Passaggio ad altro operatore: inadempimento gestori telefonici

In tema di passaggio della linea telefonica ad altro operatore con portabilità del numero, laddove, alla data prevista per la migrazione, la linea risulti disabilitata, va dichiarato l’inadempimento contrattuale di entrambi i gestori telefonici coinvolti (quello da cui si proviene e quello con il quale è stato sottoscritto il nuovo contratto), in quanto unici soggetti abilitati a gestire la procedura, con conseguente condanna al risarcimento del danno, da liquidarsi anche equitativamente.

Tribunale Roma sez. X, 02/11/2016, n.20273



7 Commenti

  1. Buonasera sono rimasta senza linea telefonica e internet per diversi giorni a causa di un guasto che il mio operatore non è riuscito a risolvere. come posso chiedere un risarcimento? Vi ringrazio in anticpo. Vi seguo sempre e devo dire che trovo sempre notizie interessanti sul vostro sito.

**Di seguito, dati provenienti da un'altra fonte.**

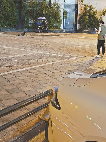 成都世纪城新国际会展中心附近,一条没有牵绳的中大型犬趴在空地上。四川日报全媒体记者 张庭铭 摄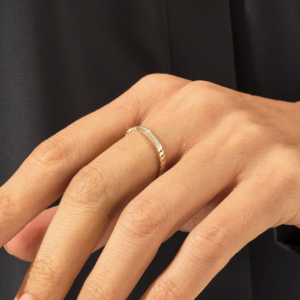 18k solid gold stacking ring with 0.14 ct natural diamonds (GH color, VS-SI clarity). Elegant curved design. GIA & BIS certified.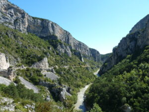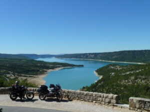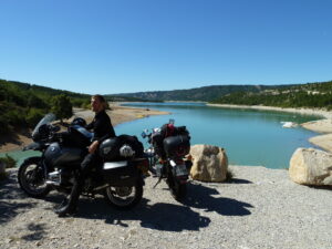 Jechaliśmy, jechaliśmy i pokonaliśmy trasę napoleońską poprzez Sisterson, Gap, Crops, La Mure do Grenoble. Krajowa, dość słynna droga RN-85 jest malownicza i urocza, że nie dało się ot tak, przejechać jej bez przystanku. Co chwila przerwa, nasycenie widokami, kilka zdjęć i znów w drogę. Dłuższy przystanek zrobiliśmy nad i to dosłownie nad jeziorem Lac de Sainte-Croix. Tutaj zadzwoniłam też do domu, by podzielić się wieściami jak sympatycznie włóczy się tymi francuskimi drogami i to w doborowym towarzystwie.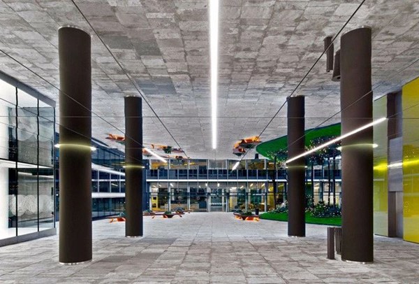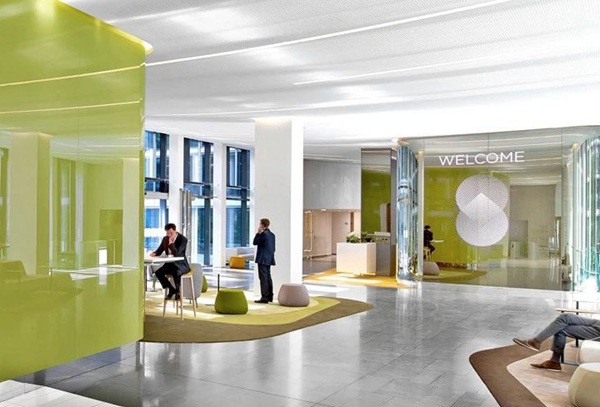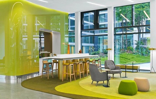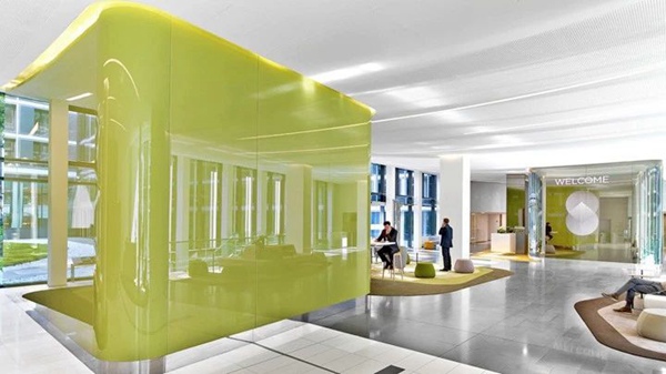 在內(nèi)部,調(diào)整了幾個庭院的地面布局,以改善服務(wù)流程,比如增加一個24/7的服務(wù)臺和三個內(nèi)部餐廳。 為了重新配置主庭院遠側(cè)巨大的大廳,他建立了幾個自由漂浮的區(qū)域。 大廳連接處的部分被明亮的綠色玻璃包圍,實際上是巨型屏幕,可以編程顯示實時新聞,天氣或公司信息。 他把這些玻璃元素稱為“數(shù)字冰塊”。

    1. Ciascun operatore telefonico è tenuto ad avere la cosiddetta carta servizi, un documento in cui vengono descritti i servizi e gli standard qualitativi offerti, i diritti e gli obblighi derivanti dal rapporto contrattuale col cliente. Nella carta servizi, la casa di telefonia si impegna a riparare guasti e disservizi entro un tempo prestabilito (che varia da azienda ad azienda) sforato il quale, il cliente ha diritto a un indennizzo.Se si verifica un problema o un guasto sulla linea telefonica, è necessario segnalarlo al centro assistenza. Alcune società telefoniche fissano il tempo di riparazione nelle 24 ore successive alla segnalazione, altre nei due giorni successivi alla segnalazione, altre ancora hanno tempi più lunghi. Qualora il guasto si protragga oltre questo tempo, l’utente ha diritto a un indennizzo, che varia da azienda ad azienda. L’indennizzo è giornaliero e alcuni operatori prevedono un tetto massimo: ad esempio, 10 euro per ogni giorno di ritardo, per un massimo di 100 euro. L’indennizzo non può in ogni caso essere inferiore alle 5 euro giornaliere.Al fine di ottenerlo, è necessario quindi provvedere alla segnalazione del guasto tramite il centro assistenza o tramite il sito internet dell’operatore. Superato il tempo limite indicato nella carta servizi per la riparazione del guasto, scatta il diritto all’indennizzo, che va fatto valere attraverso l’invio di una richiesta scritta, tramite raccomandata con ricevuta di ritorno, anticipando magari il tutto via fax (facoltativo). Tale richiesta deve avere un oggetto preciso: “Richiesta di indennizzo”. Devono essere indicati:
      – i dati personali dell’intestatario dell’utenza;
      – il numero dell’utenza;
      – il codice cliente (presente in fattura);
      – la tipologia di disservizio;
      –la data e l’ora della segnalazione;
      – i giorni trascorsi per la riparazione (qualora la riparazione sia avvenuta).
      – la richiesta di indennizzo, con annessa citazione della normativa di riferimento sugli indennizzi.
      L’operatore deve rispondere alla richiesta di indennizzo entro un tempo prestabilito, superato il quale scatta un ulteriore indennizzo. Qualora non vi sia alcuna riposta o la risposta sia negativa, qualora non vi sia accordo sulla misura dell’indennizzo e per qualunque altra divergenza contrattuale, è possibile rivolgersi al Co.Re.Com della propria regione: il Co.Re.Com è un organismo di conciliazione che rappresenta una tappa obbligata per poter proporre, qualora la conciliazione non riuscisse, un’azione giudiziale.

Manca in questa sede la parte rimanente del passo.